40年まえは、そうは書きませんでした。でも、佐々木茂索みたいな文章で、ちょっとクールで、いいですね。さすがは服飾評論家・作家の出石尚三さんだな! とおもいます。

 

 

亜日子さん。

 

その映画に出てくる「虹の彼方に」は、14歳の少女が歌うには、大人っぽすぎるというのですね。しかしプロデューサーがなんとか重役を説き伏せて、カットしないで済んだという話です。

その話は、1939年に、ボーヴォワールは何をしていたのかというわけで、その「ボーヴォワール戦中日記」という本まで読んだのでしょう。

ここ数日は、春は春でも、サクラの開花日予想の話とはならず、コロナウイルスによる緊急事態宣言は2週間ほどの4都県再延長となりました。

春になったからといって、ぼくは何も変わりませんが、季節を待ち受ける北国の人たちには、まだまだ春は遠く、深い雪の中での小中学校の卒業式の準備光景などを見ると、やはり嬉しい季節の便りというところでしょうか。

北海道の北竜中学校の先生をしておられた、――86歳になられる渡辺晋一先生――から、お便りが届いた日のことを、いまも忘れていません。「貴君の資料に気になることがあって、そのことを文中に捜して数日たち、昨夕ようやく発見。近いうちにまた手紙を書きます」と書かれていました。

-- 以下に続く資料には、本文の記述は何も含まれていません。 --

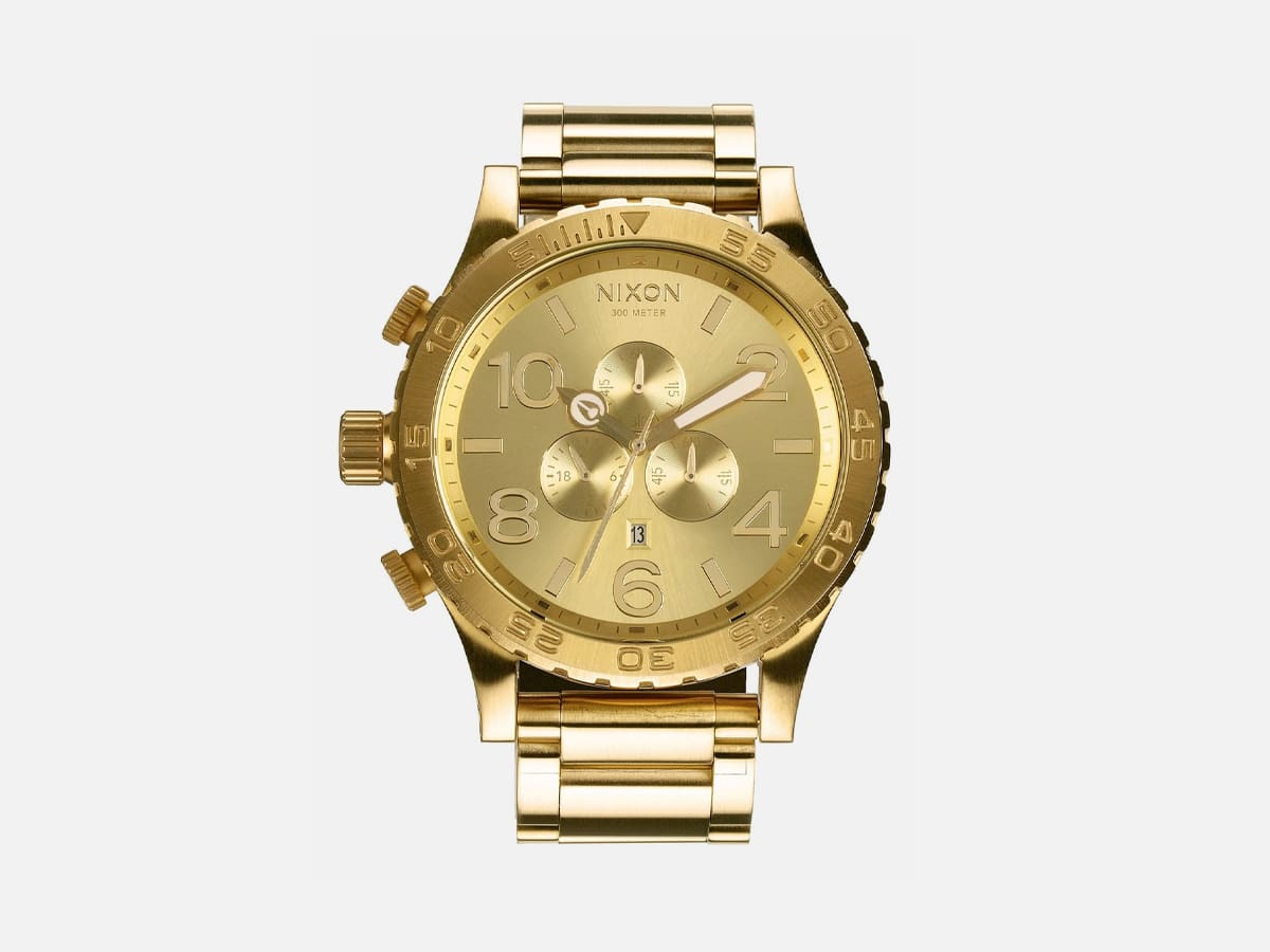 Таким образом, несмотря на основы часового дела, золотые часы Nixon Chronograph — это те часы, которые вы бы купили просто из-за их внешнего вида. Вы бы не пошли в магазин и не стали интересоваться их запасом хода или точностью хода, а скорее приняли бы решение о покупке, основываясь на том, как они выглядят на вашем запястье. И в этом нет ничего плохого. Это одни из лучших доступных по цене часов! Определённо одни из лучших золотых часов стоимостью менее 100 000 рублей.
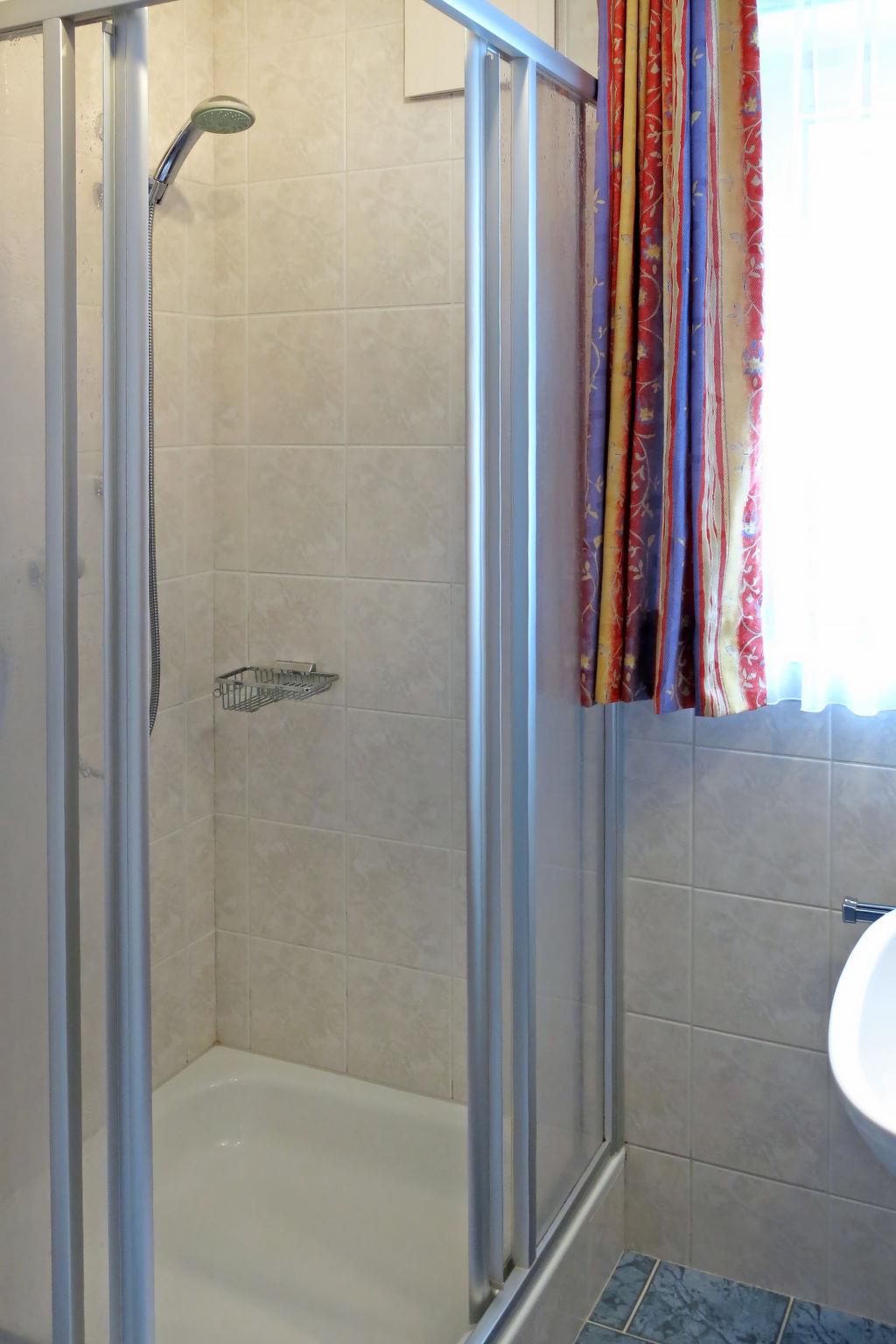 "Elfriede", 8-room apartment 112 m2 on 2 levels. Bright, practical furnishings: upper floor: 1 double bedroom. 1 room with 1 bed and 1 double sofabed. Kitchen-/living room (4 hot plates, oven, toaster, kettle, electric coffee machine) with dining nook, satellite TV and radio. Exit to the balcony. Shower, sep. WC. Top floor: 1 double bedroom with sloping ceilings with hand-basin. 1 room with sloping ceilings with 1 double sofabed. 2 rooms with sloping ceilings, each room with 2 beds. With sloping ceilings kitchen-/living room (4 hot plates, oven, toaster, kettle, electric coffee machine) with dining nook, satellite TV and radio. Shower/WC, sep. WC. Oil heating. Carpet. 2 balconies. Balcony furniture. Facilities: children's high chair, baby cot. Internet (WiFi, free). Parking (5 cars). Please note: non-smokers only. Fire extinguisher. No internal connecting door between the separated properties. When there are less than the maximum number of guests staying at the property, not all of the bedrooms will be available for use.
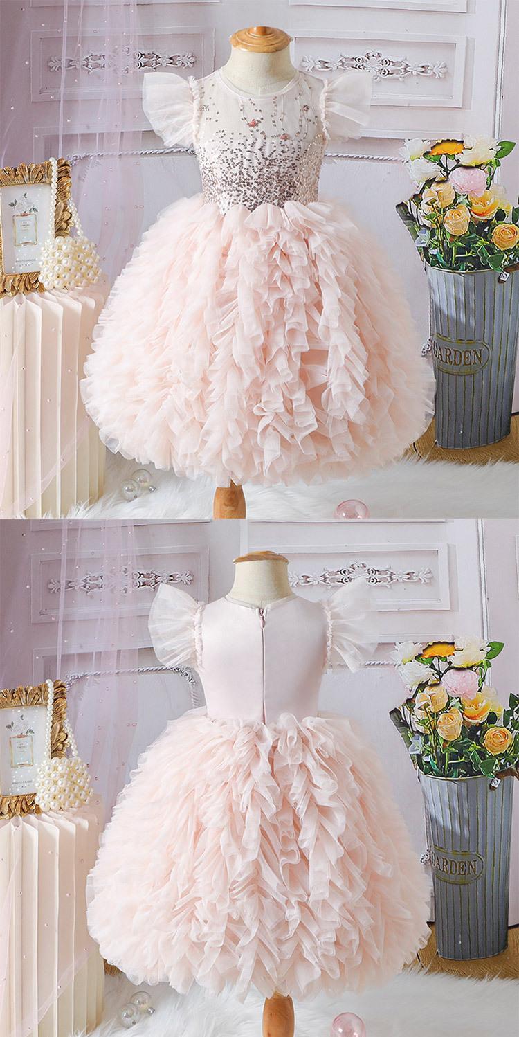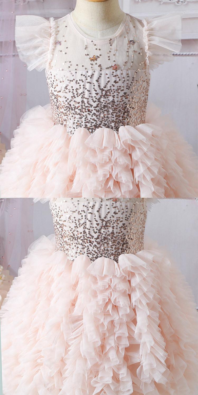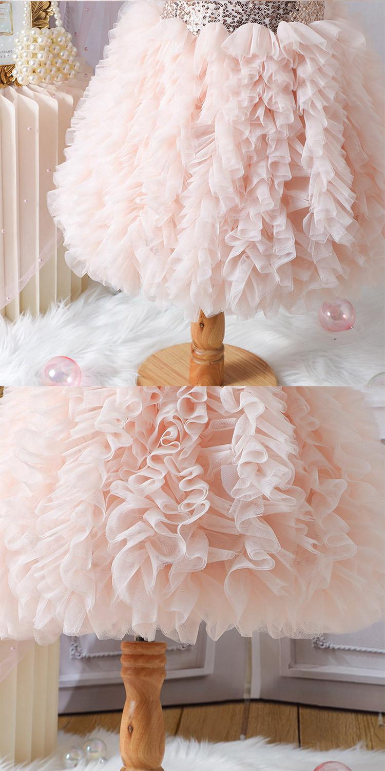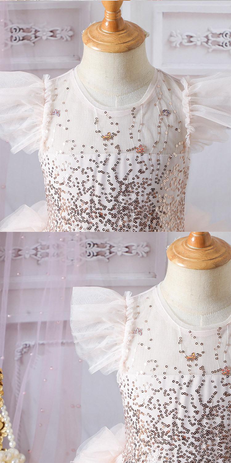 Nuevo Vestido de Fiesta para Niñas Pequeño y Mediano Vestido de Malla con Lentejuelas para Niños Vestido de Pastel de Tul para Niños Disfraz para Actuación de Piano 318g
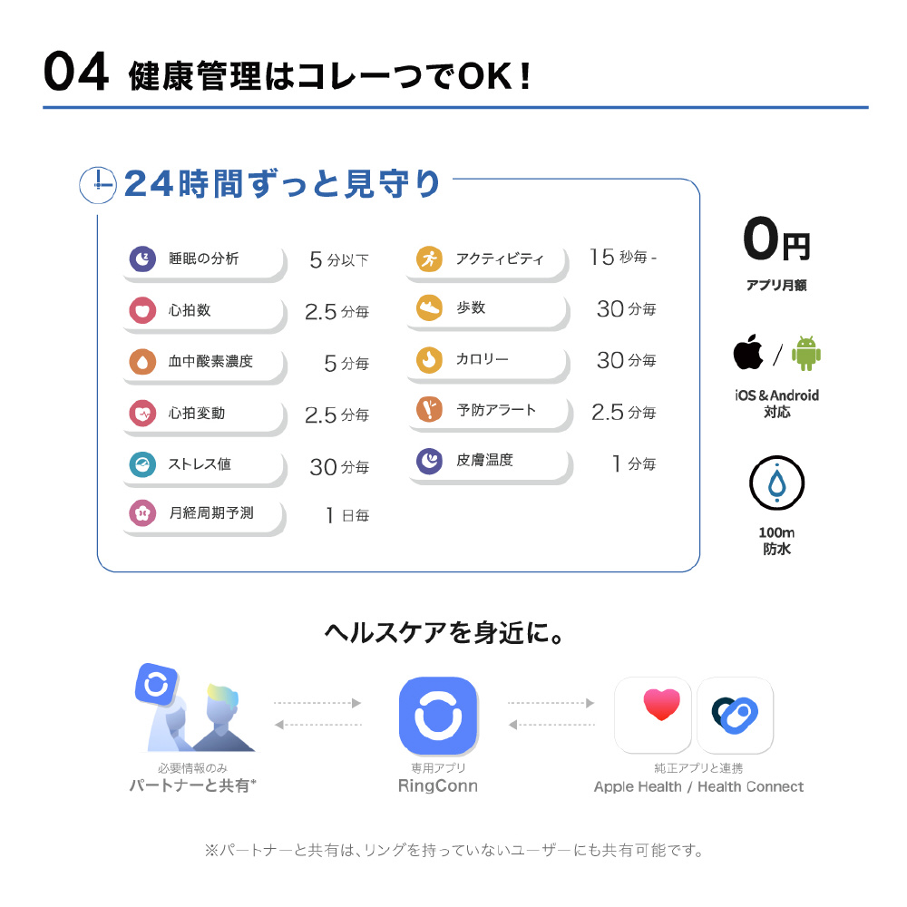 AIスマートリング RingConn Gen2 Series から「Gen2Air」 が登場。わずか2.5gの軽量デザインで、アクセサリー感覚で自然に着けられるため、仕事でもプライベートでも違和感なく日常に溶け込みます。高精度センサーにより、24時間体制で心拍数(HR)、心拍変動(HRV)、および血中酸素飽和度(SpO2)を2.5分ごとに追跡し、睡眠の質やストレス状態をやさしくモニタリング。専用アプリではデータが直感的に表示され、AIチャットがあなたの生活リズムを整えるヒントを提案。バッテリーは最長10日間持続し、毎日の充電ストレスも軽減。おしゃれを妨げないシンプルで洗練されたデザインは、ギフトにも最適です。
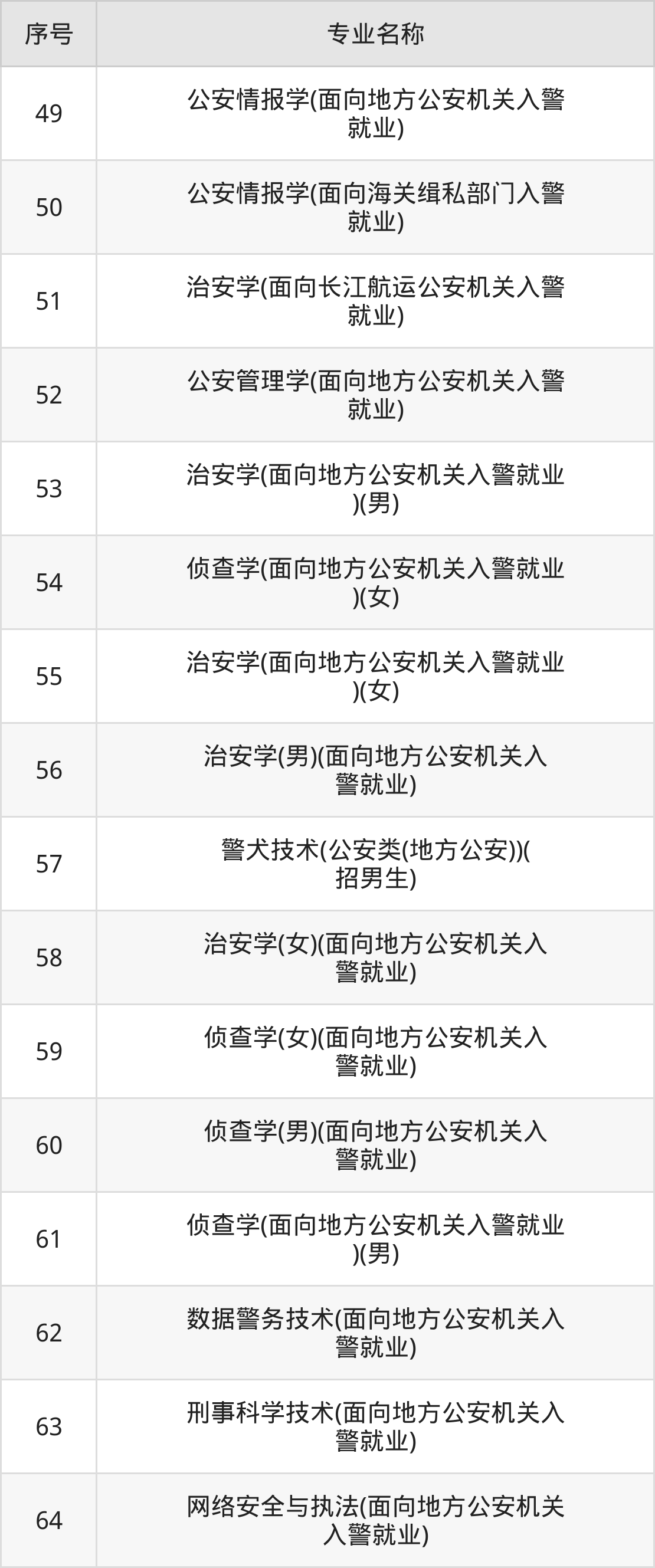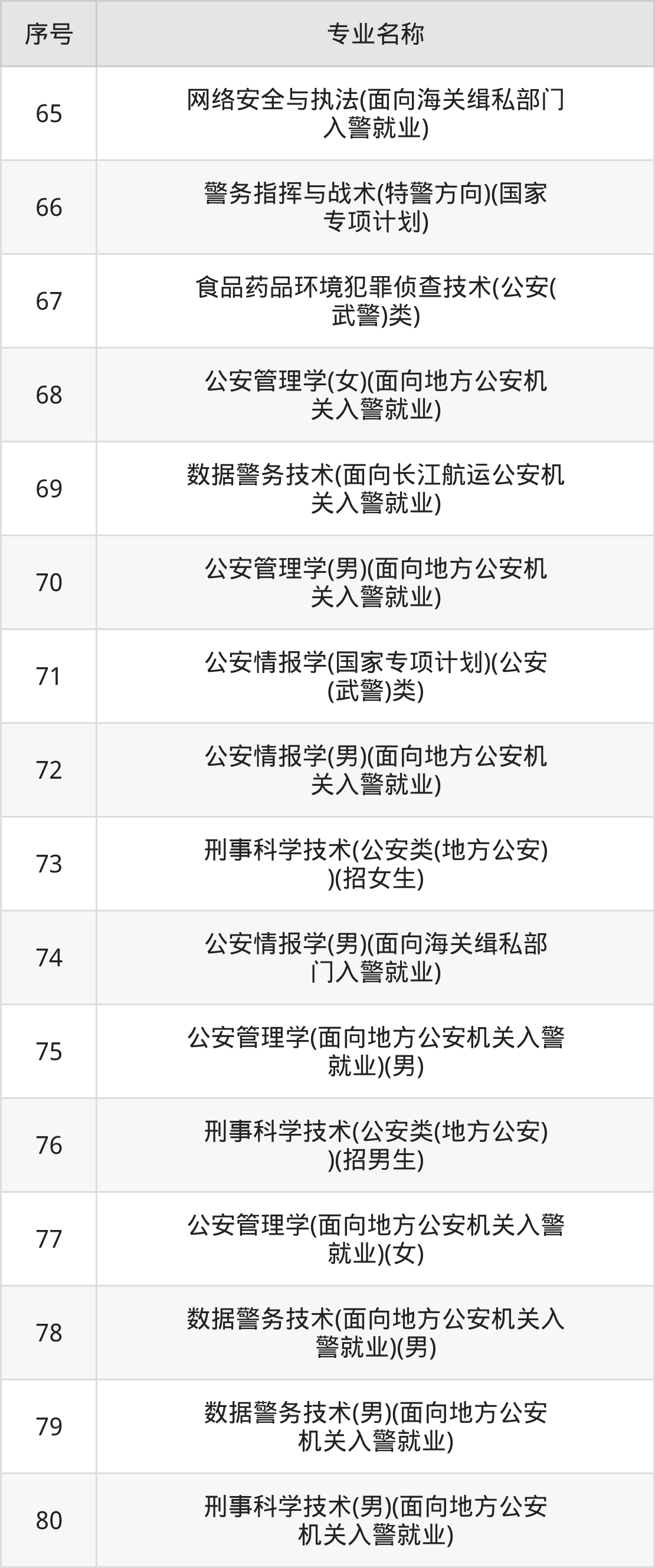 物理类(理科)本科招生专业:治安学、侦查学、警犬技术、公安管理学、公安情报学、刑事科学技术、数据警务技术、侦查学(男)、侦查学(女)、网络安全与执法等。
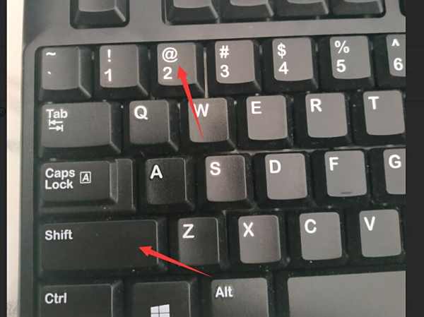 5、先按住键盘上的shift不放,在按一下数字键2,即可输入@。
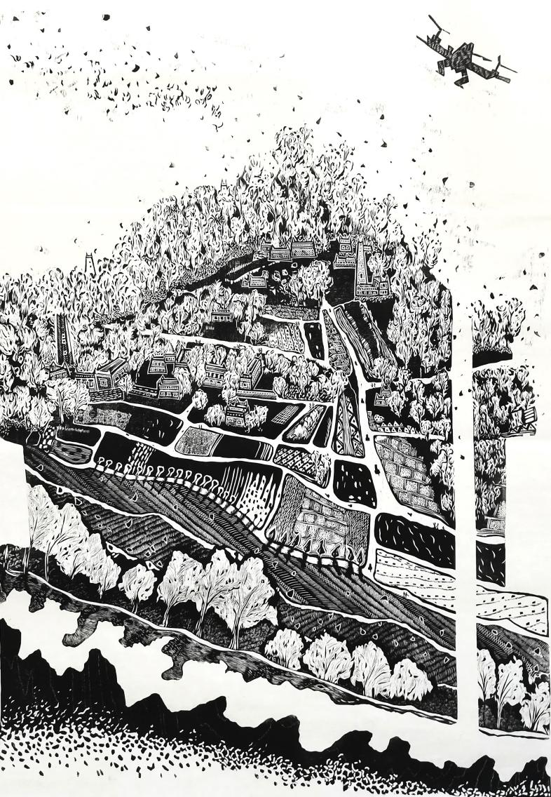 《思梨乡》马雪婷 黑白木刻 尺寸:68*98cm
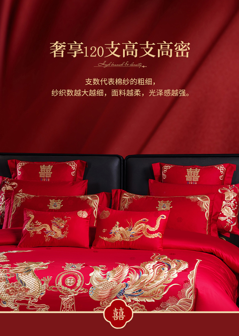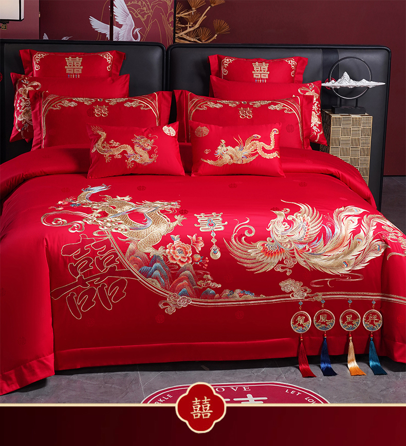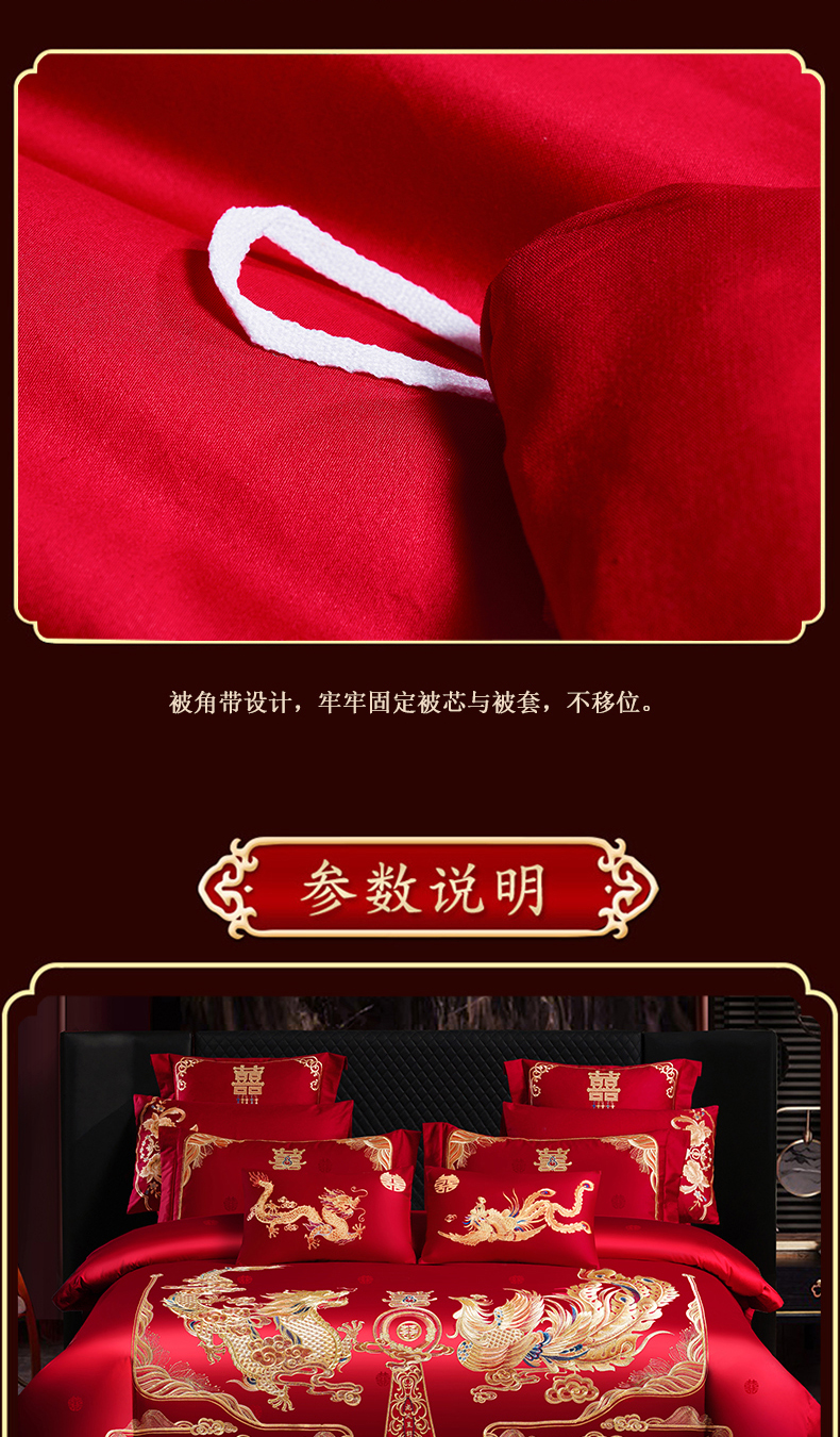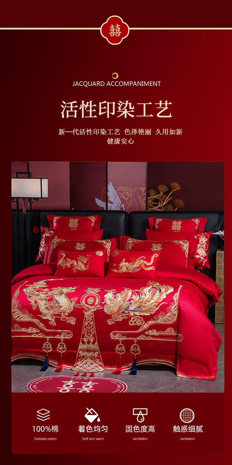 当前位置: 91家纺网 > 商品网购 > 床品套件 > 多件套 > 多件套 > 千禧家纺 2025新款双面长绒棉提花工艺重工刺绣婚庆多件套 龙章凤姿

というのも、先生あてに昨年、合計でA4判サイズで、800ページの文章を書いておくっています。

先生は、ぼくの送ったページに目次をつくられたそうです。目次を頼りに読んでいただいているようなのです。

日ごろ書いているブログ記事をまとめたものですが、数学の話がはじまったかとおもうと、宇宙物理学の話が書かれていたり、そのつぎには文学や絵の話、書の話、猫がケガをした話などが書かれ、まあ、なんといいましょうか、ブログ記事をただプリントしただけの文章ですから、とりとめもなく書かれています。

プリントしたあとで、自分で読み返すこともなく、製本することもなく、数回にわけて送ってしまったものです。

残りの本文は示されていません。